Finally, here is my _ipconfig/all _data.



Windows IP Configuration

Host Name: Cameron
Primary DNS Suffix:
Node Type: Hybrid
IP Routing Enabled: Yes
WINS Suffix Search List: Belkin
Ethernet adapter Local Area Connection:

Connection-specific DNS Suffix:
Description: NVIDIA nForce Networking Controller
Physical Address: 00-1A-92-51-CB-80
Dhcp Enabled: Yes
Autoconfiguration Enabled: Yes
Autoconfiguration IP Address: 169.254.246.93
Subnet Mask: 255.255.0.0
Default Gateway:
Ethernet adapter Wireless Network Connection:

Connection-specific DNS Suffix: Belkin
Description: Belkin Wireless G USB Network Adapter
Physical Address: 00-17-3F-50-36-EA
Dhcp Enabled: Yes
Autoconfiguration Enabled: Yes
IP Address: 192.168.2.60
Subnet Mask: 255.255.255.0
Default Gateway: 192.168.2.1
DHCP Server: 192.186.2.1
DNS Servers: 192.168.2.1
Lease Obtained: Saturday, March 12, 2011 5:23:07 PM
Lease Expires: Monday, January 18, 2038 10:14:07 PM
If anyone can give me a solution so that my LAN will automatically be assigned an IP address, Network Configuration Settings so that my Xbox can connect to Xbox Live, or just get my Xbox to magically connect, I would appreciate it. If I have to purchase something than it probably won't be possible for me to fix the problem. PLEASE HELP ME!:4-dontkno:sigh::upset:


----------



## Wand3r3r (Sep 17, 2010)

*Re: LAN can't contact DHCP server*

You can't use the same ip range on the xbox that you have between the router and you.

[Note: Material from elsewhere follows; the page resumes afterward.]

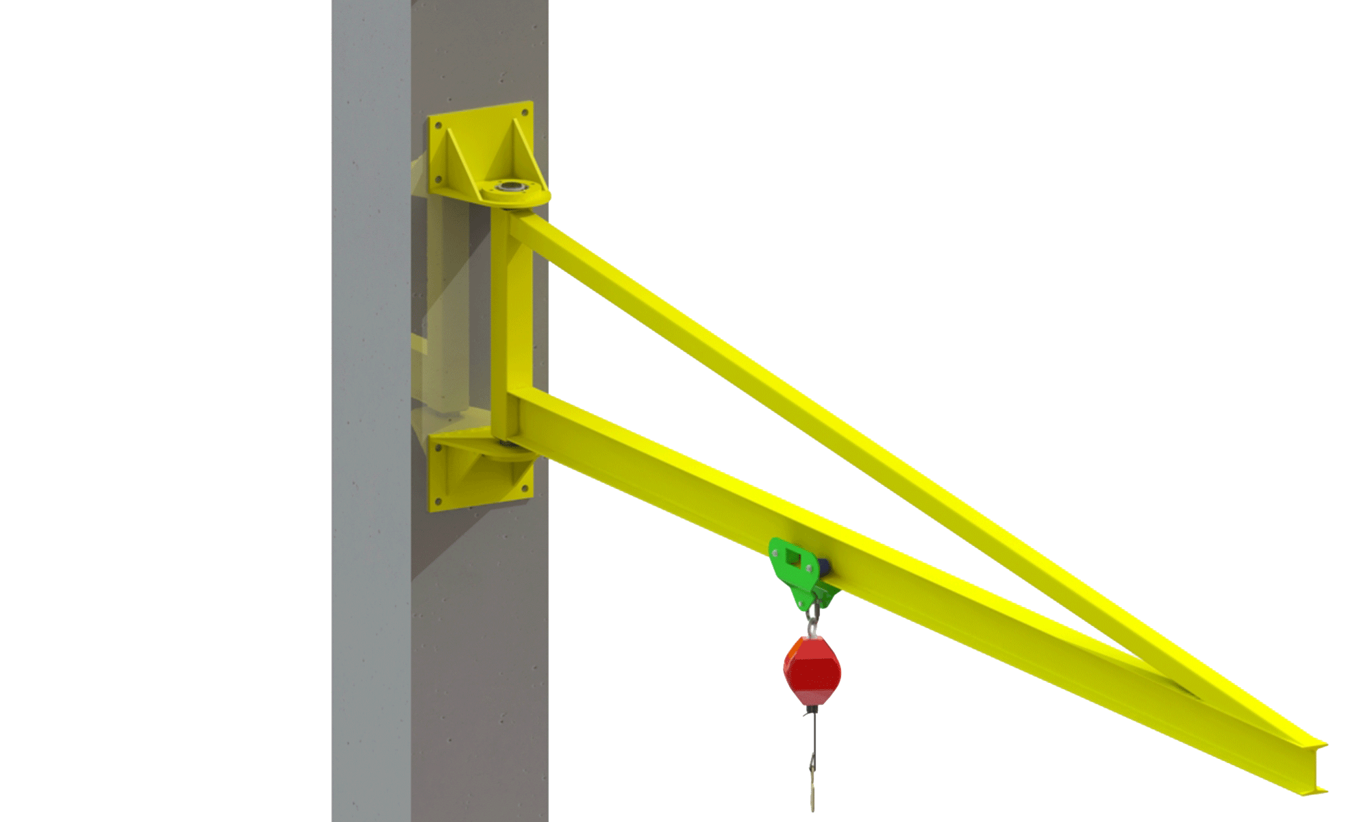 O Braço Giratório é ideal para locais onde exista a presença de pontes rolantes que atrapalham instalações na estrutura superior do galpão, sendo uma solução versátil para a sua empresa.

Though you have routing set to yes it does not appear that ICS is engaged. I would suggest reinstalling ICS. It should give your wired nic [which is set to obtain ip automatically] 192.168.0.1 and act as a dhcp server for that subnet which means your xbox will bet a 192.168.0.x ip


----------